ECB Will Lend to Banks Long-Term in Hopes They Will in Turn Lend Again


Come September, Draghi at the ECB will make loans to Eurozone banks on a long-term basis at rates less than the short-term lending window. The objective is to encourage banks to lend money to businesses. Nobody thinks about letting businesses bypass the banks mainly because the banks are in such a vulnerable state because Europe never took the toxic assets out of the banks as did the USA. To do that would have meant that some countries would have been bailed out more than others so they cut rates and hoped for the best which never happened.

The world economy is crashing BECAUSE of negative interest rates. These insane people have REFUSED to consider that this entire idea of lowering interest rates to stimulate the economy will NEVER work.
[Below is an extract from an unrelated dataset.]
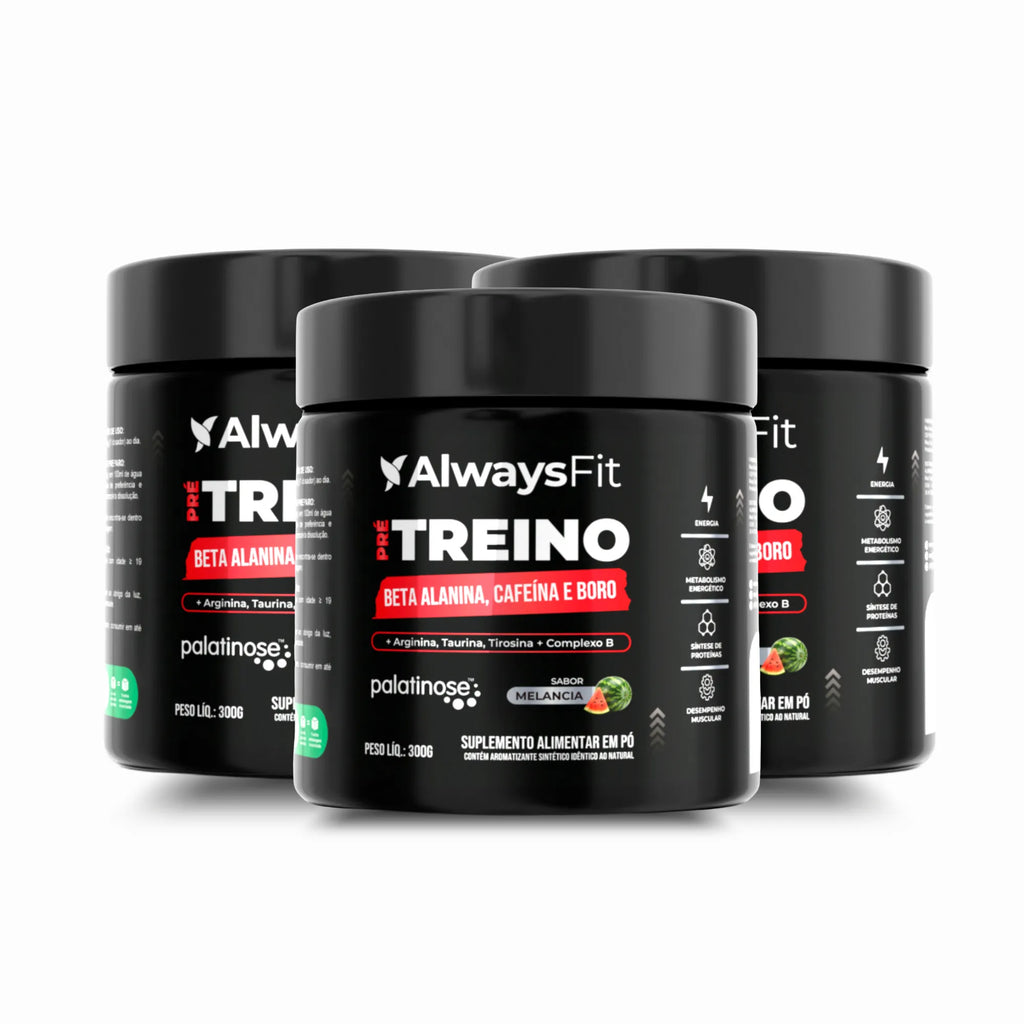 Agora com palatinose e adoçado com stévia, o Pré-Treino Always Fit oferece energia estável e gradual, sem açúcar, sem corantes e com o sabor natural da melancia.

You are wiping out pension funds and the elderly who are a vital part of the economic base. They keep using the same theories that are decades old and have ALWAYS failed each and every time.

Just look at the Great Depression. Lowering interest rates FAILED to reverse the decline. The market rallied when the rumors proved correct that Roosevelt would devalue the dollar creating currency inflation. Lowering interest rates has NEVER worked even once, yet they keep trying the same theory over and over again because they cannot think of anything else to try.